Последние слова намечают причину расхождения и неприятия Соснорой Окуджавы. Ещё раньше, 16 июня 1992 года, на прощальном заседании своего ЛИТО, отвечая на вопросы учеников, в частности, о возможностях перевода, Соснора сказал:

Окуджава, этот слащавый песенник для народа, этот мещанин, взялся переводить безумца Аполлинера. Так что же ждать?[454]

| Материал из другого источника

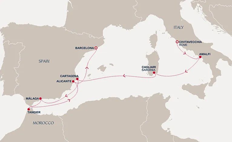 Маршрут круиза: Марсель - Генуя / Милан - Чивитавеккья / Рим - Мессина, о. Сицилия - Валлетта - море - Барселона - Марсель

Сейчас известно, что переводы Гийома Аполлинера, подписанные именем Окуджавы[455], принадлежат Ю. Даниэлю[456], однако, говоря о субъективной рецепции Сосноры, этого можно не учитывать. При всей резкости оценок, в них есть и своеобразная точность, и, как ни странно, «общие места»[457]. Сопоставление же Окуджавы с «безумцем» сюрреалистом Аполлинером подчёркивает всё ту же неприемлемую для Сосноры ориентацию на вкус публики, и даже не мнимо-избранной, как у Высоцкого, а самой массовой, обывательской: «мещанство», «слащавое» песенное творчество «для народа». В речи на международной конференции писателей «Изгнание и литература» (1988) Соснора утверждал, что для настоящего поэта («эстетика») «ни о каком диалоге с обществом не может быть и речи, общество пишет и читает само себя. Но есть души, и они ждут слов». Соприкосновения с обществом («просветы быта <…> чтоб смотреть на людей») в прямом смысле слова губительны для поэта: «Аполлинер искалечен и умер от ран <…> Лорка расстрелян фашистами, Есенин, Маяковский и Цветаева берут две петли и пулю» и т. д. А вот среди тех, кто «пишет для людей» и, таким образом, не имеет никакого отношения к литературе, называются, в частности, «и играющий свои бледные и слабые слова под гитару, и кричащий их хрипло и надрывно — и это не литература»[458].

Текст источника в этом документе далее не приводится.